No quantum solutions to linear constraint systems from monomial measurement-based quantum computation in odd prime dimension

TL;DR

This paper investigates the relationship between contextuality in measurement-based quantum computation and quantum solutions to linear constraint systems, showing that certain MBQC setups do not admit quantum solutions in odd prime dimensions, thus clarifying the limits of quantum advantage.

Contribution

It establishes a connection between state-dependent contextuality in MBQC and the non-existence of quantum solutions to associated linear constraint systems in odd prime dimensions.

Findings

Quantum solutions do not exist for a large class of MBQC in odd prime dimensions.

The work sharpens the distinction between state-dependent and state-independent contextuality.

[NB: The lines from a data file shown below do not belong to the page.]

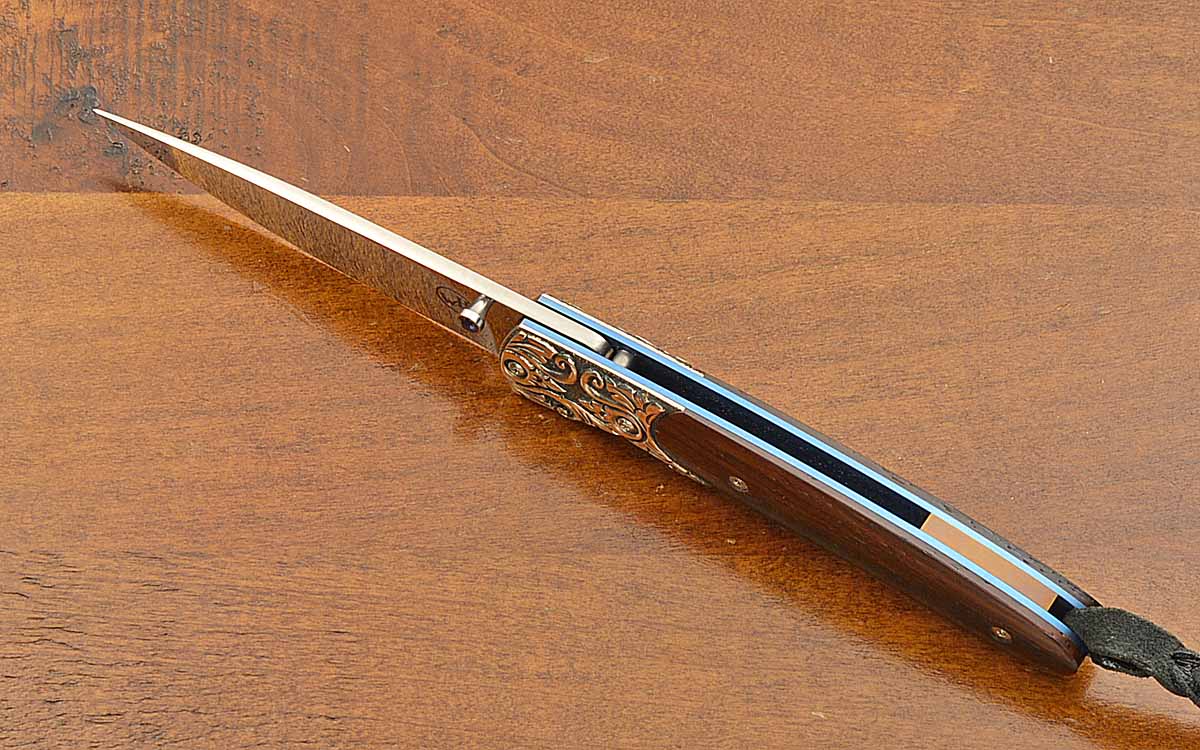 - 2 5/8" blade of 154CM, mirror polish, 6 1/8" opened length
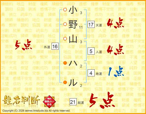小(3画)野(11画)山(3画) ハ(2画)ル(2画)
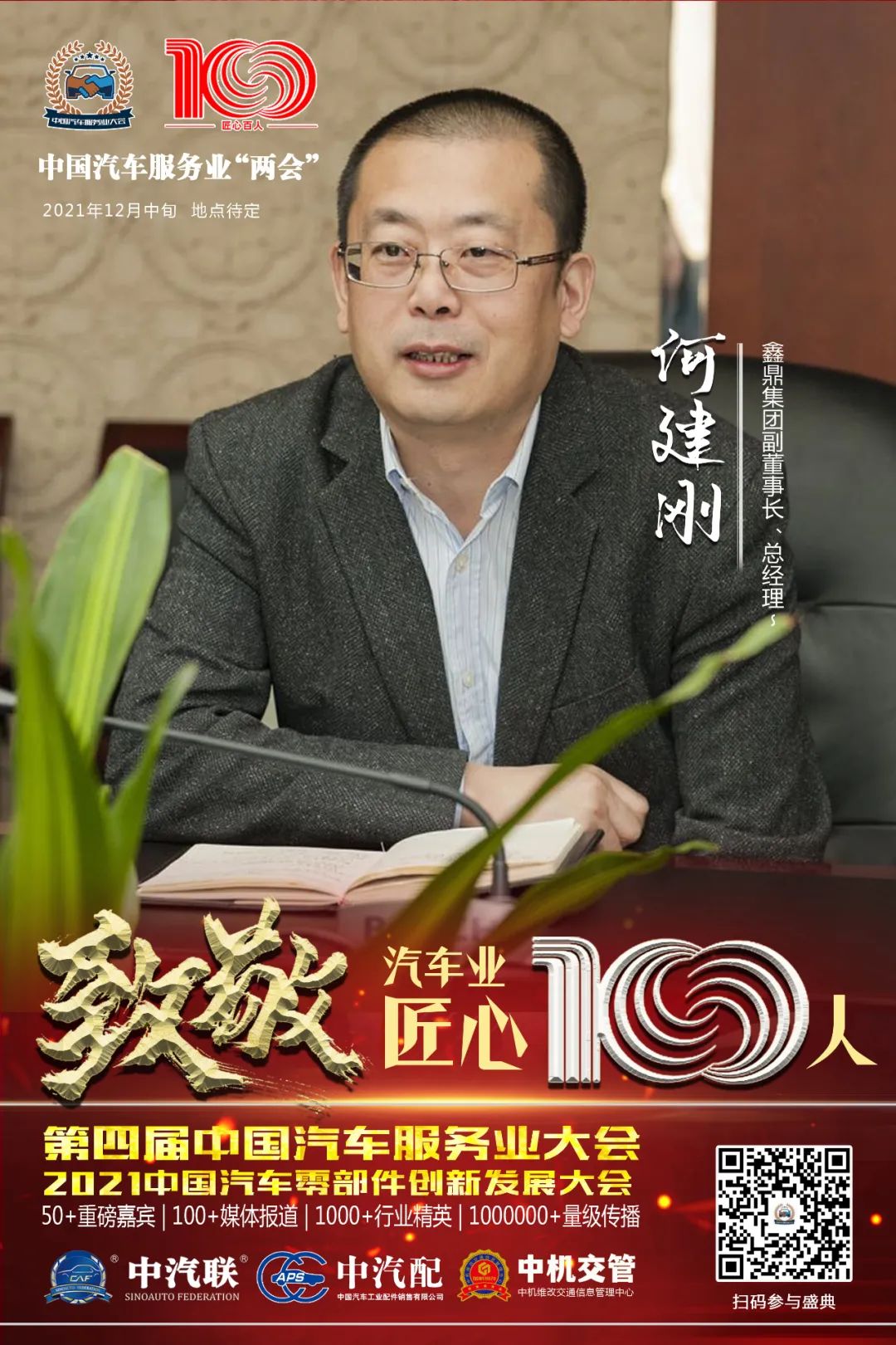 據(jù)第四屆中國汽車服務(wù)業(yè)大會(huì)組委會(huì)介紹,中汽聯(lián)副會(huì)長(zhǎng),鑫鼎集團(tuán)副董事長(zhǎng)、總經(jīng)理何建剛?cè)脒x“百年百人”中國汽車業(yè)匠心100人。

It generalizes previous results on the non-existence of quantum solutions to linear constraint systems.

Abstract

We combine the study of resources in measurement-based quantum computation (MBQC) with that of quantum solutions to linear constraint systems (LCS). Contextuality of the input state in MBQC has been identified as a key resource for quantum advantage, and in a stronger form, underlies algebraic relations between (measurement) operators which obey classically unsatisfiable (linear) constraints. Here, we compare these two perspectives on contextuality, and study to what extent they are related. More precisely, we associate a LCS to certain MBQC which exhibit strong forms of state-dependent contextuality, and ask if the measurement operators in such MBQC give rise to state-independent contextuality in the form of quantum solutions of its associated LCS. Our main result rules out such quantum solutions for a large class of MBQC. This both sharpens the distinction between state-dependent and state-independent forms of contextuality, and further generalises results on the non-existence of quantum solutions to LCS in finite odd (prime) dimension.